Wearing black and holding wide-open wallets, a group of WVU students took one final trip to the soon-to-close University Avenue Sheetz on Tuesday night. 

A memorial service with a full eulogy  was held in honor of the store, which is expected to close in the coming weeks. 

“I was a little bit surprised [at the turnout],” Kirsten Roys, an Honors Hall resident assistant and organizer of the event, said. “I wanted people to go, but of course you can’t make people, and you can’t make people interested, but I was pretty pleased with how many people showed up.”

Approximately 50 students were in attendance for the memorial, which was completed with a rendition of “Taps,” performed outside by Trenton Ashley, a member of The Pride of West Virginia, following the ceremony. 

It was announced in September that Sheetz, a campus-wide favorite due to its convenient location and 24-hour access, would be closing the doors to its Sunnyside location after deciding not to renew its lease with the University.

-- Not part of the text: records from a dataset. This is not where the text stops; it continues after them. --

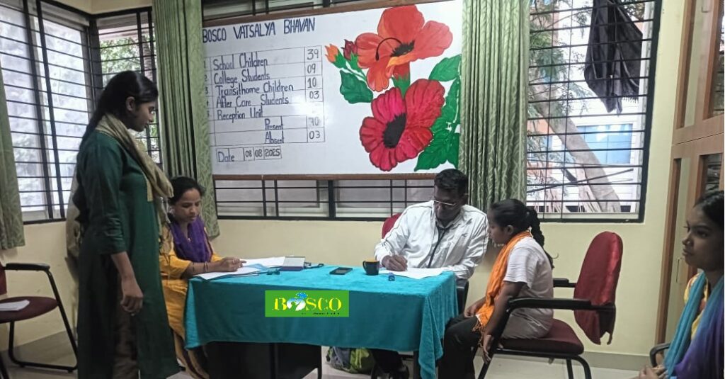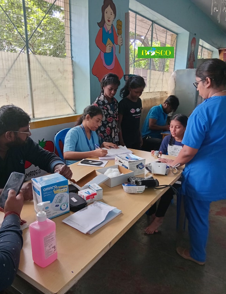 Health check-up camps were conducted for the children of BOSCO Vatsalya Bhavan on August 9 and 16, 2025, by Dr. Abraham and a team from Muthoot Snehashraya Foundation, Eshwar Eye Vision, and Sagar Hospital. The doctor recommended providing the children with protein and iron-rich foods. Comprehensive health assessments, including blood tests, eye check-ups, and general health evaluations (such as blood pressure, blood sugar levels, creatinine, and Hepatitis B), were performed for the girls residing in the centre, vocational training students, and staff members. A total of eighty-nine beneficiaries were served.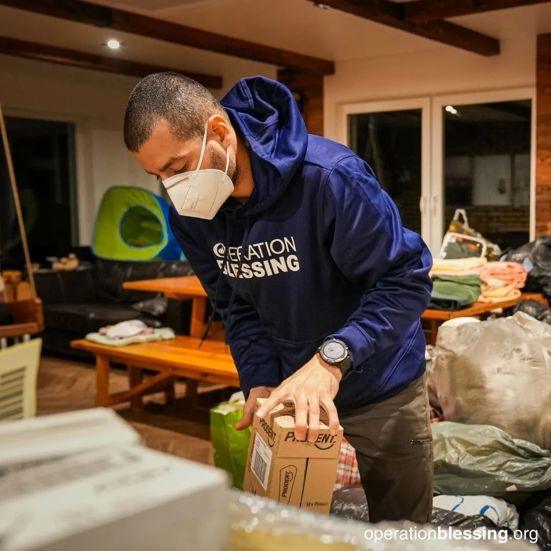 ポーランド国境付近メディカでは、Operation Blessing国際救援チームが避難民支援を続けています。食料、水、浄水器、毛布、ソーラーランプ、携帯充電器、衛生用品ほか、当面必要な物資を手渡し、暖かい飲み物やスープで出迎えます。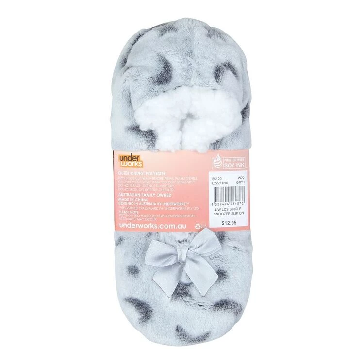 The Underworks Snoozes Slip On is the perfect winter socks for the season to keep your feet warm and cosy all day. Made from soft and plush polyester material, these home socks also have grip soles to help prevent slipping on wet or smooth surfaces and feature a dainty bow design for added comfort and style.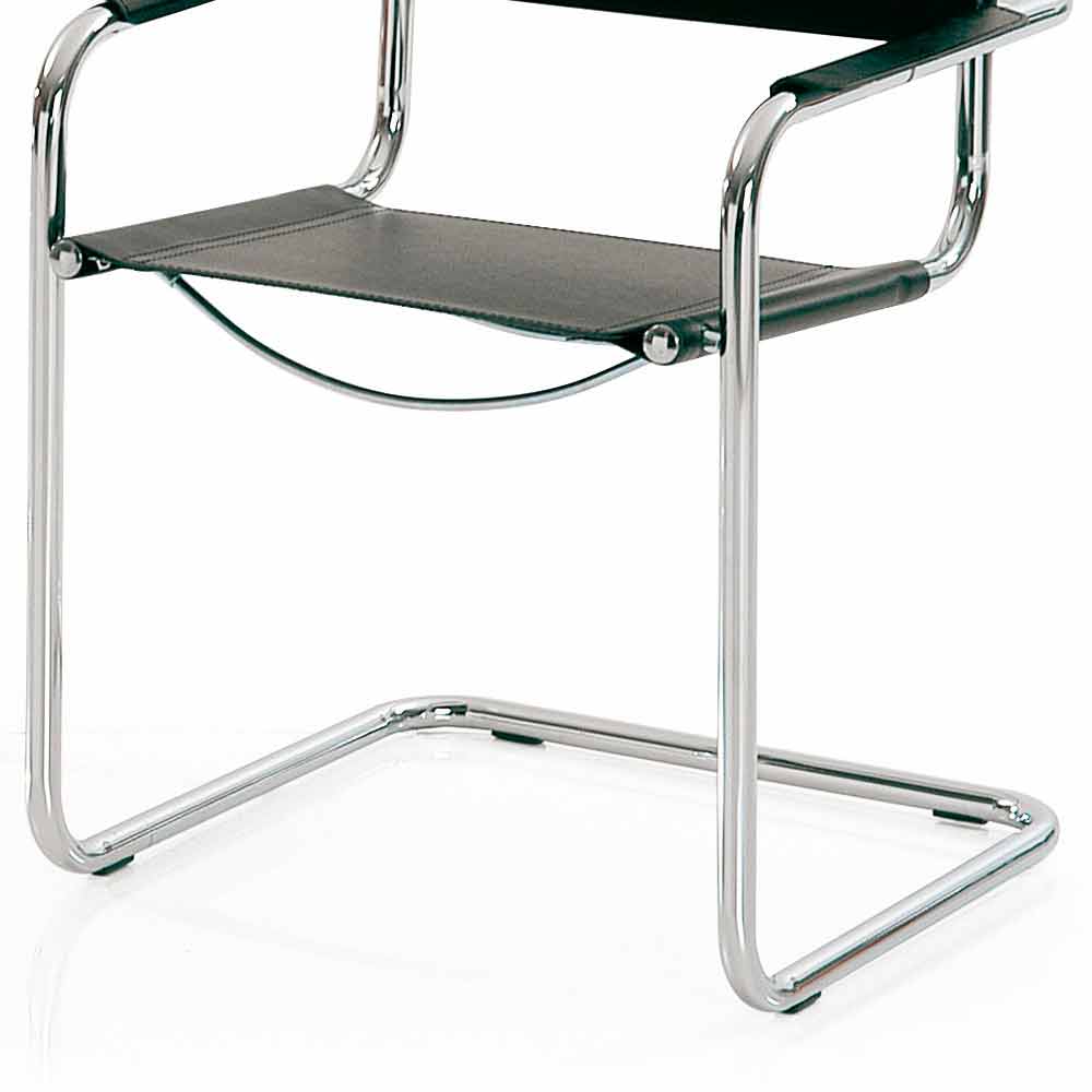 Scaunul Cirillo pentru sală de ședințe sau sală de conferințe cu cotiere este ideal deoarece reflectă toate aceste caracteristici; vine cu o structură din metal cromat și scaun, spătar și cotiere din piele regenerată neagră.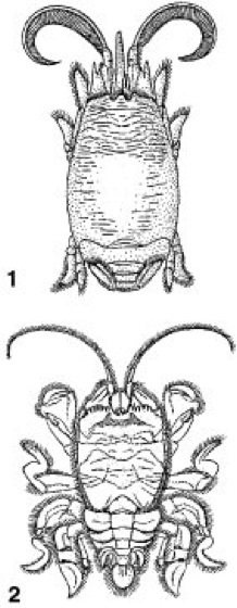 1Emerita talpoidea (3,4 cm), 2Albunea carabus (1,7 cm)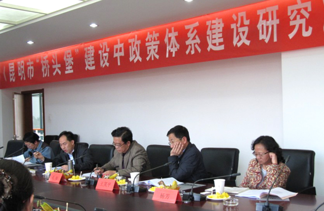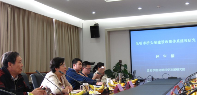 4月11日下午,由昆明市发改委委托昆明学院研究课题《昆明市“桥头堡”建设中政策体系建设研究》专家评审会在我校举行。省政府研究室副主任孔灿,市委政研室主任袁培文,市政府研究室主任王笑平,市社科联主席杨芳,市政府副秘书长、昆明市金融办主任洪维智,昆明市发改委黄建玮处长,以及学校科研处负责人和课题组全体成员,参加了评审会。评审会由科发院黄继元教授主持。

In response to the announcement, Roys took it upon herself to honor the store.

In early November, during a staff meeting of resident assistants and the Honors Hall residence hall coordinator, Roys heard someone jokingly mention holding a funeral for the closing store. It was supposed to be a joke — with no action taken from it — but Roys felt otherwise and decided something needed to be done. 

“I think the joke was made lightly, but I kind of thought — I lived here last year, in Honors Hall, and I live here this year too, and we would go to Sheetz so many times,” Roys said. “All the dining halls close early, and especially on weekends they close at 6:30 [p.m.], and on weekends, I wake up later, I eat later, so I think it has more of an impact with a lot of the dorms on the downtown campus.

“Sheetz is the closest thing, it’s convenient and the quality is pretty good.”

The closing of the store has the largest effect on freshmen and those living in residence halls, who not only utilize the store for quick food at 2 a.m. after dining halls are closed, but also for basic groceries, such as laundry detergent and paper towels. 

Following the November staff meeting, Roys, a sophomore civil engineering student, took the idea of a memorial service to the residence hall coordinator, who “thought it was kind of weird.” Despite the hesitancy, the event was approved once Roys mentioned there would be no cost associated with it.

Although the announcement was made nearly two months ago, students across campus are still adjusting to the thought of Sheetz leaving, and are curious what will be brought in next.

“I would like to see something at least that has food,” Roys said. “Not necessarily only food, more like groceries, because Sheetz you can go and get ice cream and stuff like that.”

No matter what takes over Sheetz’s place in the building, Roys knows it will not be the same.

“It feels like the end of an era,” she said.